Depois de lavar bem o rosto, que fica vermelho de tanto esfregar, encontro meus óculos. Sem eles vejo apenas o que está muito próximo aos meus olhos e borrões que eu tento não trombar. Agora com o mundo nítido, comprovo o que senti ao enxaguar minha pele: uma espinha incipiente e, o pior, rugas mais acentuadas. Penso logo em botox e roacutan, mas não demoro a abortar essa combinação de envelhecimento não tão precoce e adolescência já bem tardia. Prefiro então controlar o controlável. Com uma pinça, tiro um a um daqueles pelos que nasceram fora das minhas sobrancelhas arqueadas. Admiro minhas charmosas covinhas nas bochechas que dão o ar da graça quando eu sorrio ou pressiono meus lábios. Talvez sejam o que eu mais goste em mim. Dou uma olhada geral no meu rosto e chego a mais conformada conclusão que até estou bem para os meus mais ou menos 37 anos. Brigar com o inevitável é mais inútil que dormir.
Na cozinha, equipada de todos os utensílios necessários mas livre de qualquer personalidade, coloco a água para ferver e ao me aproximar da garrafa térmica, o seu espelhado torto e embaçado refletem não só sua pouca qualidade como várias manchas no meu braço.

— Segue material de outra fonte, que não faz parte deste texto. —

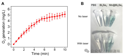作者利用电子自旋共振(ESR)光谱技术,深入研究了Mn@Bi2Se3的酶模拟催化活性。与先前报道的纳米催化剂(如纳米酶)直接产生ROS的特性不同,Mn@Bi2Se3在常态下表现出极低的酶模拟催化活性,这一惰性特性与纯Bi2Se3 一样(图 5A-D)。然而,令人惊奇的是,当置于近红外-II光(1064 nm,1.0 W/cm²,5分钟)照射下时,Mn@Bi2Se3展现出相较于Bi2Se3更为显著的H2O2消耗能力(图 5A),并伴以大量的羟基自由基(图2B)。在相同条件下,Mn@Bi2Se3亦展现出类OXD活性,有效产生-O2-(图2C)。尤为值得关注的是,Mn@Bi2Se3的-O2-生成量远高于Bi2Se3,这归因于其在类CAT反应中通过催化H2O2产生了更多的O2,这一点通过溶液中形成的气泡得到了直观验证(图 6)。此外,作者还观察到Mn@Bi2Se3和Bi2Se3在多酶模拟催化条件下均能生成单线态氧(1O2)(图 5D)。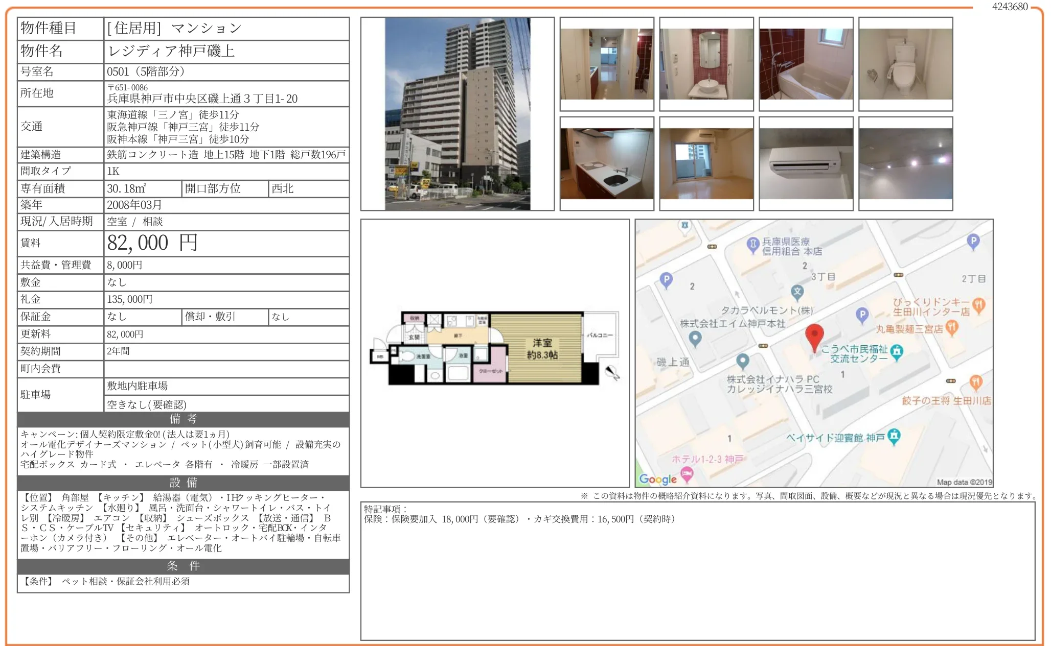 | 賃料 | 8.2万円 |

Ao recorrer ao espelho, constato que não só um, mas os dois braços estão cobertos delas. Dois ou três roxos fazem parte da normalidade de uma pele pálida como a minha, assim como as veias que saltam aos olhos. Só que não daquele jeito, nos dois lados, quase que idênticos. As bolhas de água fervendo que esqueci no fogo me roubam a atenção, e ao mesmo tempo que desligo o fogão logo encontro a justificativa mais fácil: deve ter sido na academia ou algum esbarrão que, na hora, não me dei conta. De forma prática, planejo que se fizer muito calor na semana posso tentar cobri-los com algum corretivo eficiente. Talvez só um da Guerlain seja capaz disso, daqueles que escondem até tatuagem. Uma quase amiga minha, que dividia a cama e os boletos com um homem violento, ficou expert em combinar cores de corretivos para esconder as marcas da sua relação, assim como ficou craque em arrumar malas, fugir de casa e desaparecer sem se despedir de ninguém. Nem mesmo de mim – apesar do seu marido duvidar disso até hoje – logo quando estávamos virando confidentes. O que restou dela foram suas dicas de maquiagem e um suéter que me emprestou um dia antes de sumir para sempre. Lembrar dessa história me faz esquecer os meus roxos.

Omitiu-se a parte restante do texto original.